Message-ID: <4D8B732F.8020404@panasas.com>
Date: Thu, 24 Mar 2011 18:37:03 +0200
From: Benny Halevy <bhalevy@panasas.com>
To: "William A. (Andy) Adamson" <androsadamson@gmail.com>
CC: Fred Isaman <iisaman@netapp.com>,
        Trond Myklebust <Trond.Myklebust@netapp.com>,
        NFS list <linux-nfs@vger.kernel.org>
Subject: Re: [PATCH 11/12] NFSv4.1: layoutcommit
References: <AANLkTinBuLxDq5zrxC=-0fS_md5CXTQAS_POsKA9issP@mail.gmail.com>
In-Reply-To: <AANLkTinBuLxDq5zrxC=-0fS_md5CXTQAS_POsKA9issP@mail.gmail.com>
Content-Type: text/plain; charset=ISO-8859-1
Sender: linux-nfs-owner@vger.kernel.org
MIME-Version: 1.0

On 2011-03-24 15:57, William A. (Andy) Adamson wrote:
>>> Only whole file layout support means that there is only one IOMODE_RW layout
>>> segment.
>>>
>>> Signed-off-by: Andy Adamson <andros@netapp.com>
>>> Signed-off-by: Alexandros Batsakis <batsakis@netapp.com>
>>> Signed-off-by: Boaz Harrosh <bharrosh@panasas.com>
>>> Signed-off-by: Dean Hildebrand <dhildeb@us.ibm.com>
>>> Signed-off-by: Fred Isaman <iisaman@citi.umich.edu>
>>> Signed-off-by: Mingyang Guo <guomingyang@nrchpc.ac.cn>
>>> Signed-off-by: Tao Guo <guotao@nrchpc.ac.cn>
>>> Signed-off-by: Zhang Jingwang <zhangjingwang@nrchpc.ac.cn>
>>> Tested-by: Boaz Harrosh <bharrosh@panasas.com>
>>> Signed-off-by: Benny Halevy <bhalevy@panasas.com>
>>
>> The code in this patch is new and different enough from the one I/we
>> signed-off originally that they don't make sense here.
> 
> Hi Benny
> 
> OK with me
> 
>>>
>>> +             /* references matched in nfs4_layoutcommit_release */
>>> +             wdata->lseg->pls_lc_cred =
>>> +                     get_rpccred(wdata->args.context->state->owner->so_cred);
>>> +             mark_inode_dirty_sync(wdata->inode);
>>> +             dprintk("%s: Set layoutcommit for inode %lu ",
>>> +                     __func__, wdata->inode->i_ino);
>>> +     }
>>> +     if (end_pos > wdata->lseg->pls_end_pos)
>>> +             wdata->lseg->pls_end_pos = end_pos;
>>
>> The end_pos is essentially per inode, why maintain it per lseg?
>> How do you see this working with multiple lsegs in mind?
> 
> The end-pos is per lseg, not per inode - each layoutcommit applies to
> a range of WRITES for a layoutsegment over the LAYOUTCOMMIT range.
> 
> From Section 18.42.3
> .  The byte-range being committed is
>    specified through the byte-range (loca_offset and loca_length).  This
>    byte-range MUST overlap with one or more existing layouts previously
>    granted via LAYOUTGET
> 
> 
>    Also, loca_last_write_offset MUST overlap the range
>    described by loca_offset and loca_length.
> 
> For the multiple lseg case: if the lsegs are merged, bookeeping
> end_pos per lseg just works.

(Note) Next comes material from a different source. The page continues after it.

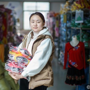 现在任家两代人的分工是这样:任艳夫妇负责店铺管理、网络销售和发货,任庆生夫妇负责布料、车间、生产服饰、供应村里其他商家线下拿货。让传统的归传统,让现代的归现代。

If a layoutdriver does not use merged
> lsegs, then there is a bit of work to do to walk the list of lsegs and
> determine the final end_pos for a given LAYOUTCOMMIT.  If there are
> multiple non-contiguous lsegs, each used for WRITEs then multiple
> LAYOUTCOMMITs will need to be sent, otherwise the LAYOUTCOMMIT
> byte-range will not overlap as required.
> 

For the current layout types I believe that the LAYOUTCOMMIT can "merge"
multiple layout segments into a single LAYOUTCOMMIT, with a byte range
covering all segments and a last_byte_written offset which is just the maximum.
Future layout types may need this method though...

Benny

>>> +pnfs_layoutcommit_inode(struct inode *inode, int sync)
>>
>> "bool sync" makes more sense
> 
>>> +{
>>> +     struct nfs4_layoutcommit_data *data;
>>> +     struct nfs_inode *nfsi = NFS_I(inode);
>>> +     struct pnfs_layout_segment *lseg;
>>> +     struct rpc_cred *cred;
>>> +     loff_t end_pos;
>>> +     int status = 0;
>>> +
>>> +     dprintk("--> %s inode %lu\n", __func__, inode->i_ino);
>>> +
>>> +     /* Note kzalloc ensures data->res.seq_res.sr_slot == NULL */
>>> +     data = kzalloc(sizeof(*data), GFP_NOFS);
>>> +     spin_lock(&inode->i_lock);
>>> +
>>> +     if (!test_and_clear_bit(NFS_INO_LAYOUTCOMMIT, &nfsi->flags)) {
>>
>> previously (i.e. in the linux-pnfs tree :) this function is called only
>> if layoutcommit_needed(), now I worry may waste a kzalloc too frequently.
>> I suggest testing (and not clearing) NFS_INO_LAYOUTCOMMIT before doing
>> the allocation to prevent that.
> 
> Agreed.
> 
>>> +     end_pos = lseg->pls_end_pos;
>>> +     cred = lseg->pls_lc_cred;
>>> +     lseg->pls_end_pos = 0;
>>> +     lseg->pls_lc_cred = NULL;
>>> +
>>> +     if (!data) {
>>
>> eh?
>> why not test this before test_and_clear_bit(NFS_INO_LAYOUTCOMMIT ?
> 
> Because we should clear the LAYOUTCOMMIT needed information from the inode.
> The LAYOUTCOMMIT for the file layout is an optimization. If the client
> can't alloc the required buffer, the compound just won't be sent.
> 
> -->Andy